To find the optimal number of trees 'early stopping' can be used. This can be done by using staged_predict(), it will iterate over the predictions made by the ensemble at each stage of training (1 tree, 2 trees, 3 trees, etc.). The validation error is commputed at each training stage to find the optimal number of trees. Once the optimal is found another GBRT ensemble is trained usinf the optimal parameters. 

In [82]:
from sklearn.metrics import mean_squared_error

X_val = X_test
y_val = y_test # for naming demonstration perposes only.

gbrt = GradientBoostingRegressor(max_depth=2, n_estimators=120)
gbrt.fit(X_train, y_train.ravel())

errors = [mean_squared_error(y_val, y_pred)
         for y_pred in gbrt.staged_predict(X_val)]
bst_n_estimators = np.argmin(errors)

gbrt_best = GradientBoostingRegressor(max_depth=2, n_estimators=bst_n_estimators)
gbrt_best.fit(X_train, y_train.ravel())

GradientBoostingRegressor(alpha=0.9, criterion='friedman_mse', init=None,
             learning_rate=0.1, loss='ls', max_depth=2, max_features=None,
             max_leaf_nodes=None, min_impurity_split=1e-07,
             min_samples_leaf=1, min_samples_split=2,
             min_weight_fraction_leaf=0.0, n_estimators=34, presort='auto',
             random_state=None, subsample=1.0, verbose=0, warm_start=False)

In [83]:
# It is also possible to implement early stopping by actually stopping training earlt instead of training a large number of trees
# and looking back to find the optimal number.

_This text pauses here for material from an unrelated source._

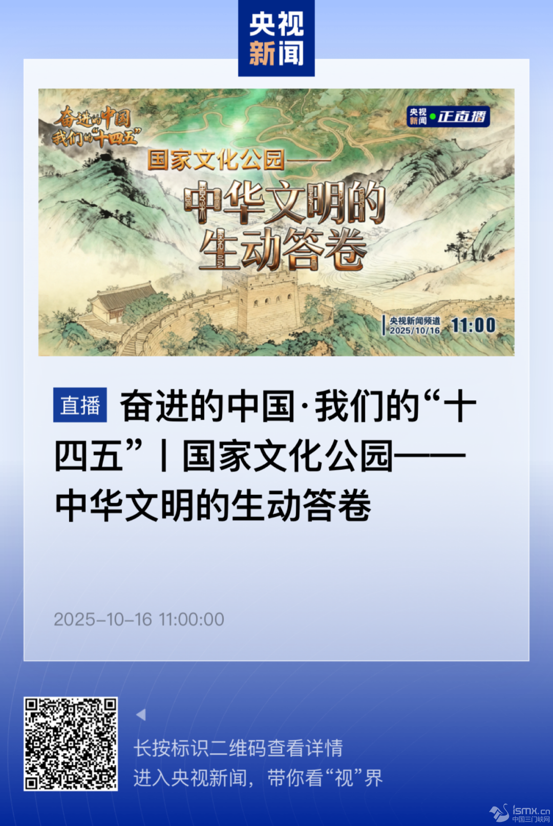 【直播預(yù)告】奮進(jìn)的中國·我們的“十四五”| 國家文化公園——中華文明的生動答卷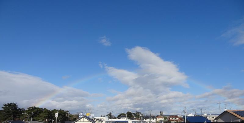 なんと、2階の流し場の窓からきれいな冬の虹が空にかかっているのが見えました。最近受験に向けた面接練習や願書書きでピリピリしている3年生にとってはホッとするひと時だったようです。

# To do this we set warm_start=True, which makes sklearn keep existing trees when the fit() method is called, allowing 
# incremental training.

gbrt = GradientBoostingRegressor(max_depth = 2, warm_start=True)

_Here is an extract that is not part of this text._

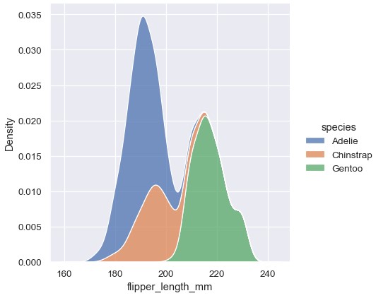 1 | sns.displot(penguins, x='flipper_length_mm', hue='species', kind='kde', multiple='stack') |

min_val_error = float("inf")
error_going_up = 0
for n_estimators in range(1, 120):
    gbrt.n_estimators = n_estimators
    gbrt.fit(X_train, y_train.ravel())
    y_pred = gbrt.predict(X_val)
    val_error = mean_squared_error(y_val, y_pred)
    if val_error < min_val_error:   # keep the best here
        min_val_error = val_error
        error_going_up = 0
    else:
        error_going_up += 1
        if error_going_up == 5:
            break  # early stop

### Stacking
Stacking (short for stacked generalization) is when a model is used perform model aggregation (rather than a simple hard voting or average function). To perform model stacking the training set is split in subsets. The first subset is used to train the level one predictors. Next, the first layer predictors are used to make predictions on the secod set. This ensures predictions are 'clean', since predictors never saw these instances during training. Finally a blender or meta layer predictor is trained on the new trainined set so it learns to predict the target value given the first layer.

Multiple (k) meta layer predictors can be used, the trick is to split the training set into k subsets.